RAMs exhibited by the tumor tissue were a compilation analysis of nine tumors; three tumors each arose from the 9-, 18-, and 27-mg CSC promotion. Common and equivalent RAMs (persisting changes) were identified by separately comparing 8-week, 9-, 18-, and 27-mg CSC–induced changes to tumor tissue. Persisting changes in methylation originating from 9, 18, and/or 27 mg CSC are depicted in Figure 4B along with the unique changes exhibited by the tumor tissue. As expected, the highest number of critical changes in methylation which carried through to tumor was seen with 27 mg CSC. Of the 13 total persistent changes in tumor, four (one hypomethylation, one hypermethylation, and two new methylations) were solely attributable to the 27-mg CSC promotion and three hypomethylations were solely attributable to the 18-mg CSC promotion. Notably, one hypomethylation and one new methylation induced by all three promoting doses persisted to the tumors. Each dose of CSC elicited changes in methylation that persisted and could contribute to the altered pattern of methylation observed in tumor tissue (Figs. 4A and 4B).

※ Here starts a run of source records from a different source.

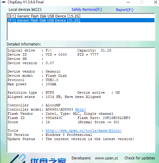 Здравствуйте, помогите пожалуйста разобраться, имеется флешка нонейм вроде как на 32 гб, отформатировал её в НТФС, пользовался и как-то она странно начала работать то файлы на ней типа битые то пропадали и ничего не занимали, вроде как получается что размер её реальный меньше. Короче решил я её отформатировать низкоуровневым форматированием через программу Hard Disk Low Level Format Tool, отформатировал, потом средствами виндовс ещё раз отформатировал, высунул и вставил в телефон - не определяется, вставил в комп - не появляется но в диспетчере задач её видно, восстановил флешку с помощью программы AlcorMP но размер флешки стал 15 ГБ, кстати до форматирования её VID был 0000 PID 7777, а сейчас VID 058F PID 6387, на чипе на флешке написано 29f16b08/cmfp, так же на нём есть цифры 16 гб, что тоже вызвало у меня подозрение, помогите разобраться это получается теперь стал реальный размер флешки или я её поломал стоит ли пытаться вернуть 32 гб? Помогите найти программу под неё чтобы восстановить, а то меня как занесло на китайские сайты это ужас был, еле поудалял потом всё. Два дня уже мучаюсь устанавливая всякое говно на комп. Так же есть аналогичная флешка но на ней до сих пор вроде как 32м гб, скрины двух флешек прилагаю.
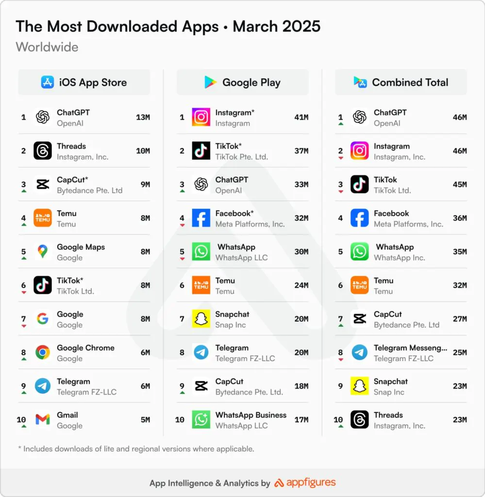 Як повідомляє компанія Appfigures, що займається аналітикою додатків, у березні ChatGPT став найбільш завантажуваним додатком у світі, обійшовши Instagram та TikTok, які традиційно займали перші місця у глобальному рейтингу.
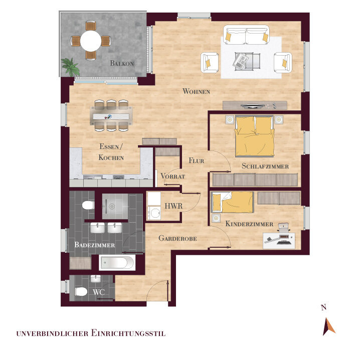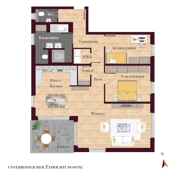 WohnungWohnflächeGeschossBalkon/TerrasseStatus
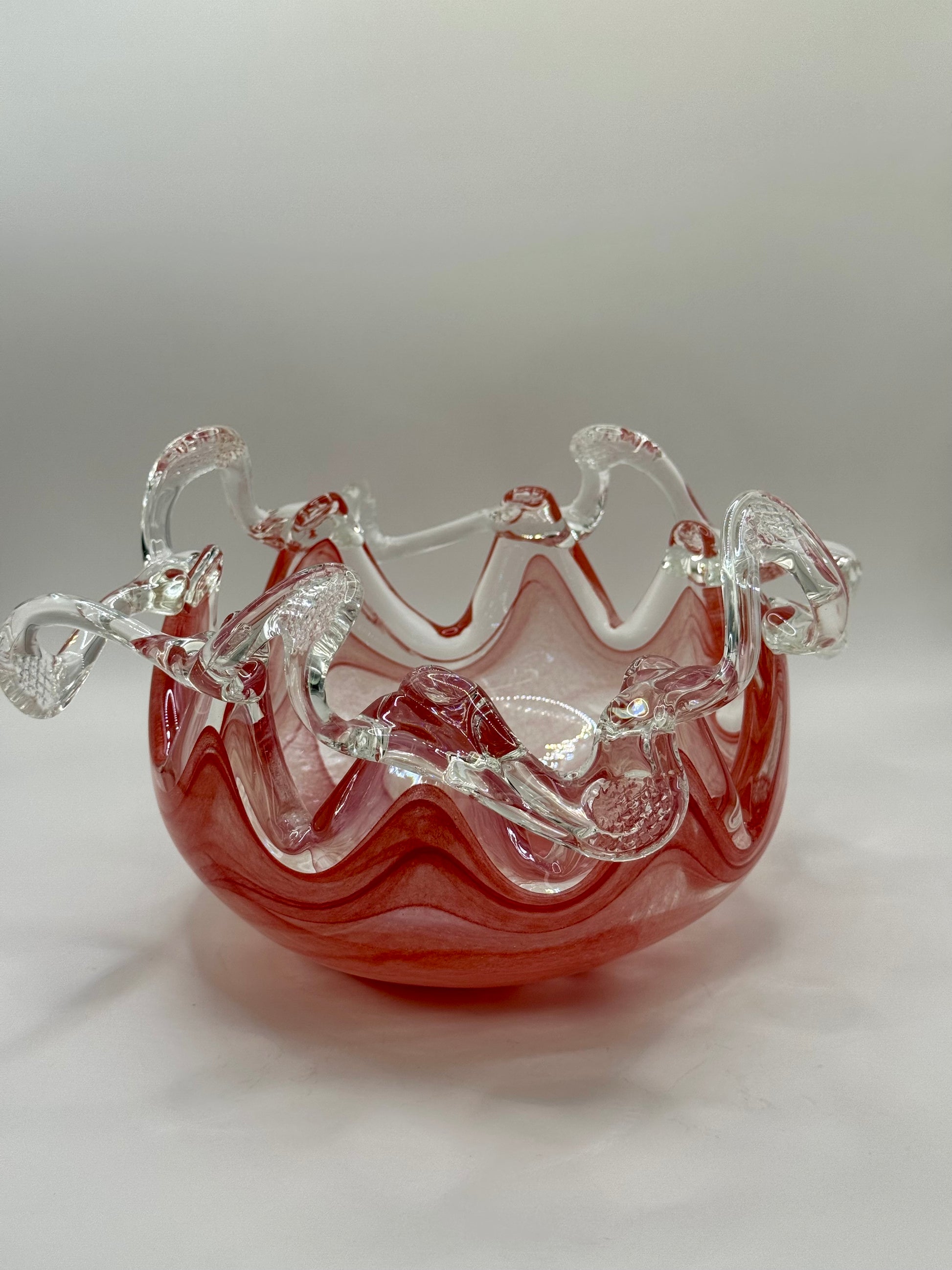 This ornate, hand-blown art glass bowl features a swirling cranberry-pink base and dramatically crimped clear rim — a style strongly reminiscent of Murano glass artistry from Venice, Italy. The pulled glass "crown" detail on the rim, with applied clear loops, reflects traditional Murano techniques used in the mid-20th century. If not Murano, it may be a 1960s–80s Bohemian (Czech) interpretation during the era when European artisans competed in decorative glassware.

Reversibility, as an operational definition, is characteristic of tumor promotion as continued exposure to the promoting agent is necessary for progressive clonal expansion of initiated cells. In light of this, changes in methylation were assessed following a 4- or 8-week recovery period. Specifically, RAMs previously induced by 4- or 8-week, 27-mg CSC promotion were reanalyzed following the recovery period. Reversal of the methylation changes induced by 4-week, 27-mg CSC was more complete as the duration of recovery was lengthened. Following 4 weeks recovery, two hypermethylations and seven new methylations had reversed (Fig. 5A). With 8 weeks recovery, an additional five RAMs had reversed (Figs. 5A and 5B). In comparison, 8 weeks promotion with 27 mg CSC followed by 8 weeks recovery resulted in the reversal of 1 of 2 hypomethylations, 10 of 10 hypermethylations, and 24 of 28 new methylations (Fig. 5B). Importantly, all changes, with the exception of one new methylation, which persisted from the 4-week promotion, were recoverable, which clearly demonstrates that changes in methylation which accumulate in response to the promoting stimuli are largely reversible.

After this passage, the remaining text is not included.